Acte shot me a sideways glance. 'He kept saying, "Now she'll have to love me," and "Wouldn't Uncle Gaius have been proud?"' Oh, Jupiter! 'But then when I finally got him to bed he just lay curled up, saying she wouldn't love him any more because he was bad.'

'For God's sake!' I leaned back, forgetting in my anger that I was sitting on a stool, and almost overbalanced. 'Lucius is a grown man! That's the kind of language I'd expect from a six-year-old!'

'That's the point I'm trying to make, Petronius,' Acte said patiently. 'He is a child, in many ways.'

'He's the fucking ruler of the world, darling, and don't you forget it! And I don't like that bit about Gaius, either.' Gaius — Caligula — had murdered his quondam co-heir Gemellus. If Lucius took to regarding Caligula as a model of behaviour then we were in the shit up to our eyeballs.

'It's not his fault!' Acte snapped. 'It's the Empress! She has him tied up in knots!'

'I agree, Titus,' Silia said.

I stared at her. 'You what?'

'Oh, I'm not defending him. What he did was inexcusable. But that woman is a spiritual Lamia.'

Despite my anger, I saw her point. Lamia is the nursery bogey who steals children from their cradles, eats their flesh and sucks their blood. It was a fair parallel to draw. If Lucius was turning into a monster then a large part of the blame was Agrippina's. Even so…

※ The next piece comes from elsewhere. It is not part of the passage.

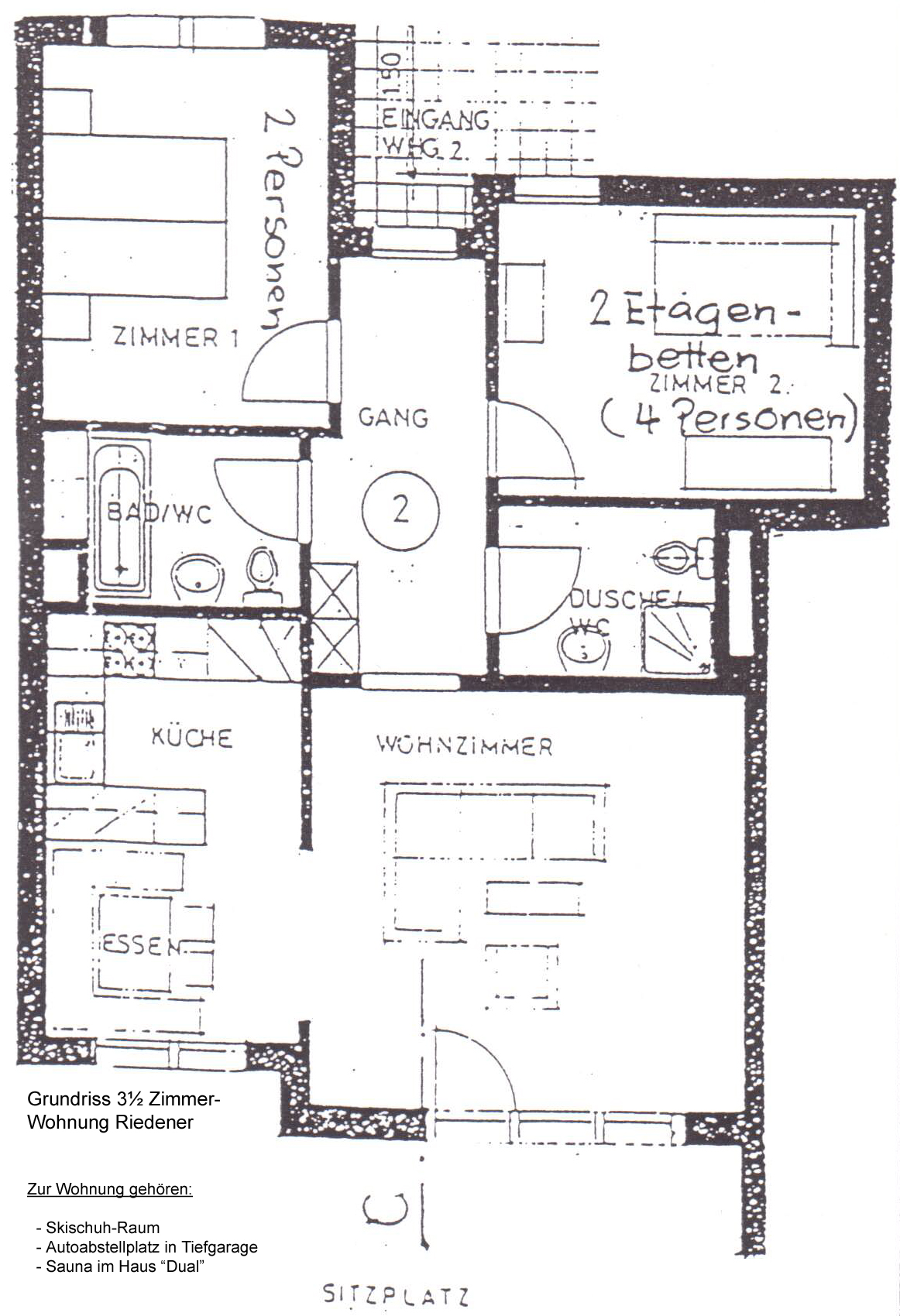 Bettwäsche, Endreinigung und ein Set Frottéewäsche pro Person sind im Gesamtpreis enthalten, ebenso die Kurtaxen. Hunde sind in dieser Wohnung auf Anfrage erlaubt und werden mit 10 CHF/Nacht vor Ort verrechnet. Ebenso wird die Benützung der Sauna am Ende des Aufenthalts mit 12 CHF/Benützung vor Ort abgerechnet.

I got up and poured myself a cup of wine.

'What has he done with the body?' I asked: Britannicus's death had still not been officially announced.

'He had it burned.' Acte's voice was toneless. 'We buried the ashes in the palace cellars. Petronius, he's suffering, don't you understand?'

I drank my wine and said nothing; frankly, I couldn't trust myself. Whatever sympathy I could muster most certainly did not extend to poor dear Lucius. The little bastard was a disaster waiting to happen and we'd be far better off without him.

'I'm afraid, Titus, that in this instance I'm on Acte's side. Lucius deserves his chance,' said Silia. 'Dreadful though this whole thing is I think it may turn out to be for the best in the end.'

I sighed.

'I'm sorry, my dear, but I disagree. The boy's mad and bad both. Unfortunately he's also Emperor of Rome. Let's just hope Seneca and Burrus can keep him in bounds.'

Acte squared her jaw.

'Of course we can,' she said.

'Bully for you, darling.' I drained my wine-cup. 'Personally I intend to keep my head down.'

I did. By the gods I did. Not that it had any effect, mind.